Our study points out the most important patches of coffee plantations, shrubs, and thickets inside the Cabanis’s Ground-Sparrow distribution for its conservation. These findings may be used to study and preserve other resident and migratory bird species that use those patches such as warblers, flycatchers, orioles, or tanagers (Perfecto et al., 1996), including the threatened Golden-winged Warblers (Vermivora chrysoptera) and Olive-sided Flycatcher (Contopus cooperi). These habitat remnants support not only the persistence and survival of the endemic Cabanis’s Ground-Sparrows, but are also a refuge for several other taxa that are restricted to this type of habitats such as other 88 bird, 27 butterfly, and 10 mammal species in Costa Rica (Sandoval et al., 2019).

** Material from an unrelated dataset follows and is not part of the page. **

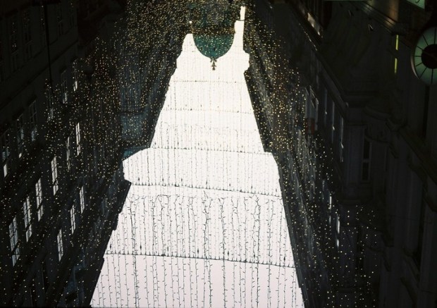 po zotmení prísť k milým spittelbergským trhom, v podchode nájsť miesto obrastené popínavými kríkmi, P. povie, že si tu vie predstaviť svoju svadbu a na pamiatku si tu urobíme niekoľko tmavých záberov. Posledné pohľady na svetlá na stromoch a vo výkladoch, na žiariace hviezdy v jazere a na vianočné gule, v ktorých sa mihajú naše odrazy.

Cabanis´s Ground-Sparrow is only one of many species potentially threatened by urbanization and habitat loss in Costa Rica. This also demonstrates that our knowledge about endemic species and their population dynamics in urban centers is still vague, especially in the neotropics. However, this study shows that initiatives about the conservation of this species or any other can help to direct and prioritize the areas of action, which is especially crucial in the dynamic and chaotic environments that characterize urban centers. We hold that it is strictly necessary to expand the view of conservation policies and include the important role of coffee plantations, shrubs, and thickets in the urban matrix for several taxa, as demonstrated here with Cabanis’s Ground-Sparrow. We propose to declare the detected areas as conservation priorities due to their vital importance for the species survival in this urban context. Among the actions necessary to guarantee the conservation of these areas we suggest the following: avoid changing the land cover type through the implementation of pertinent land cover policies that mitigate their fragmentation; implement a program, supported by the local governments, for the payment of environmental services or reducing tax payments as an incentive to land owners, apply for reforestation programs to enhance connectivity among the rest of the matrix, and foment the protection of areas in successional states by their controlled management. We suggest that UICN need to re-evaluate Cabanis’s Ground-Sparrow classification based on this information about habitat availability and fragmentation, and previous publications (Sánchez et al., 2009; Biamonte et al., 2011; Sandoval et al., 2014). Finally, our analyses on potential species distribution, patches importance, and connectivity between patches is a tool that will help to detect which habitats within heavily urbanized areas are the most important to ensure different species conservation.
Ethical statement: authors declare that they all agree with this publication and made significant contributions; that there is no conflict of interest of any kind; and that we followed all pertinent ethical and legal procedures and requirements. All financial sources are fully and clearly stated in the acknowledgements section. A signed document has been filed in the journal archives.